Automated live production
Mobile Viewpoint, for example, has launched VPilot which uses AI to automate live to web production for broadcasters, as well as journalists, radio shows and bloggers.
VPilot consists of three PTZ cameras and software which is able to mimic a human director by analyses audio signals (such as microphone levels), video images, and other sources such as autocue and rundown scripts, to identify which camera to switch to and control. The software automatically points cameras and controls shots to track and focus on TV presenters.
Adobe is making AI a central component of its Creative Cloud editing and finishing platform with systems for facial and object recognition. Adobe Premiere uses can also now make use of a plug-in from GrayMeta that provides metadata around people, landmarks, logos, objects and specific moments.

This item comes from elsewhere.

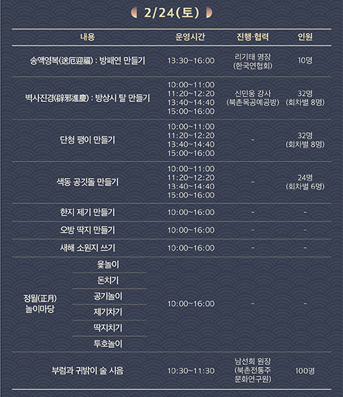 2월 24일 오전 10시 30분~ 11시 30분에 북촌문화센터 방문객 100명에게는
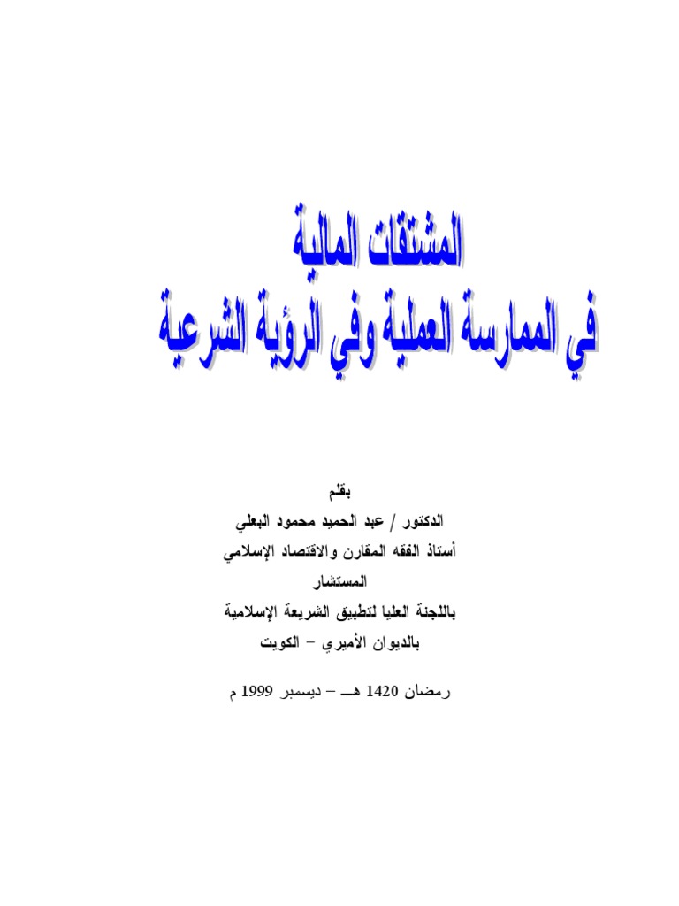 المشتقات المالية في الممارسة العملية وفي الرؤية الشرعية

GrayMeta’s John Motz claims this to be “an extraordinary time-saver” compared to scrubbing through content manually.
There isn’t a media asset management company which hasn’t co-opted AI into its workflow, Prime Focus, Primestream and Tedial among them. Avid for example has a partnership with Microsoft for users of Media Composer and other Avid software to work with Microsoft AI’s on content stored in the cloud, again to speed production.
AI is currently expensive to implement because in order to work properly it needs to be trained on a large volume of data which is relevant to each organisation. Taking an AI algorithm off the shelf just won’t work. Dalet for example has taken a best of breed approach in which it will train multiple AI engines on the dataset of studio-based news and sportscasters in order to filter and refine results. The end game is to produce more content, more relevant content and with fewer people.
It is telling that, whereas IBC’s Hall 7 used to be the place to find the latest really creative content production techniques from the likes of Avid or Autodesk that the biggest booth is taken over by IBM. It is flogging a number of technologies but AI is high on its list having demonstrated applications in the automated assembly of highlights for US PGA Golf and Wimbledon earlier this year.
Discovery’s Eurosport is also working to introduce more machine learning to pump out more personalised golf, tennis and Olympics content but says it wants to “balance the algorithm with editorial curation”. The risk from its point of view is that if viewers are only served what they think they want they will end up in a bubble and miss out on all the other content that Discovery wants subscribers to consume.
Netflix is perhaps the most advanced in the industry at attempting to hack the cognitive relationship between stories and audiences in order to fine tune its originals production and its recommendations.
Netflix is perhaps the most advanced in the industry at attempting to hack the cognitive relationship between stories and audiences in order to fine tune its originals production and its recommendations.
AI startup Corto is attempting to go beyond Netflix by automatically extracting and then mapping every aspect of a piece of content including values such as white balance and frame composition to the emotional reaction a viewer has on watching it. It is doing the latter by using MRI scans to literally hack the brain.
“We will use MRI scans to measure brain activity to infer what emotional response a character or narrative has,” explained Bergquist, who is also Corto’s CEO. “That really is the ultimate - there is no greater level of granularity beyond this.”